TV, Philosophy and the Big "G" word - armchair philosophy

Lately it's occurred to me that Philosophy, and more precisely, Religious Philosophy has been getting a good run on TV.

There are actually 3.5 shows that I want to talk about.  Those shows are "The Big Bang Theory" on CBS, a spin-off called "Young Sheldon" also on CBS (and since it's a spin off, I'm counting it as a 1/2 show), "The Good Place" on NBC, and finally, "God Friended Me" also on CBS.  As they say check your local stations for times and episode listing.


I'm going to start with The Good Place for a few reasons.   For one thing much has been made of its use of moral philosophical questions that are the premise of the show.   Indeed, what "makes a good person."  

For those of you that may not be familiar with the show, the main character wakes up dead.  She finds herself in the "Good Place" (Heaven) only she feels that there is a mistake.  Not wanting to go to the "Bad Place" (Hell).  She hooks up with a moral philosophy professor to teach her how to be good.

Comedy ensues.

As the show progresses however we quickly learn that Heaven is actually Hell. For example, in moral philosophy there is what is called the trolley problem.  Imagine you are at the controls of a train.  You are out of control and can see a "Y" before you.   You can pull the train to a safe stop at either junction. 

However in so doing you will accidentally kill either 1 man working to the right.  Or 5 men working to the left.

In either case you are responsible for someone dying.   What lever do you pull?

It gets even more fun as you add in layers of complexity. 

Frankly you don't expect a comedy show to get involved with complex layers of ethics.  Quote Kierkegaard or discuss the failings of Deontological ethics.

In the first part of this video, the character of Chidi is a philosophy professor.  He chooses not to pull any levers.   Since murder is always wrong in Deontological ethics, he can not be held morally responsible, even though his inaction the 5 workers die painfully.   Of course, in choosing not to act...he still has made a choice.  He's responsible for "not acting." 

Make sense? 

As the show states "This is why people hate moral philosophy."
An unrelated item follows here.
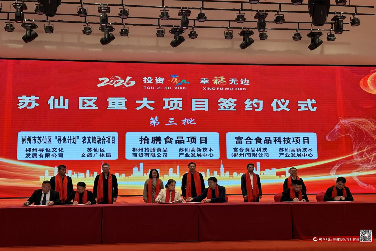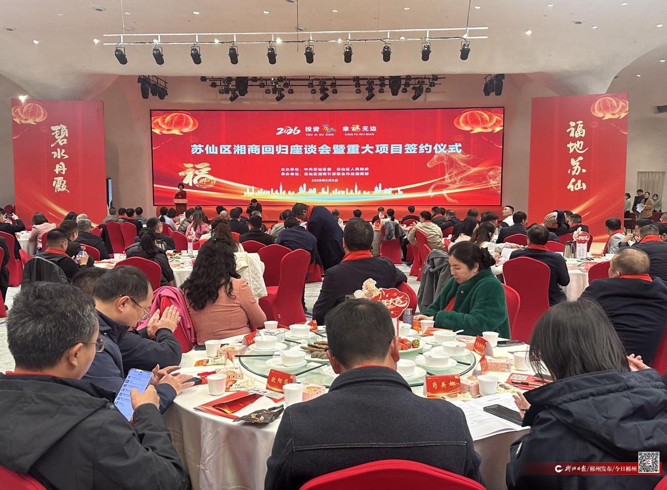 2月9日下午,苏仙区举行“投资苏仙 幸福无边”湘商回归座谈会暨重大项目签约仪式,160余位政企代表齐聚,共叙乡情、共商发展。

The Big Bang Theory has been around for a while, and as the show grew in popularity it became less and less about "Geek Culture" and more about the relationships of the people.   Mining the same ground as 1001 other sitcoms before it.

Where the Big Bang differed however was they touched upon subjects like "A belief in God", and Nietzche's "Master - slave morality.

I'm going to tackle the "Master - slave" morality first because of Sheldon Cooper's atheism ties into the Young Sheldon show as well.

The Sheldon Cooper character is originally all ego.  All pride and power.  In fact, he goes so far as to have a bathroom schedule he adheres to; maintaining as much power as he can over his body and outside world.  His inability or unwillingness to tell a lie or keep secrets and his enhanced sense of self worth all play into this archetype. 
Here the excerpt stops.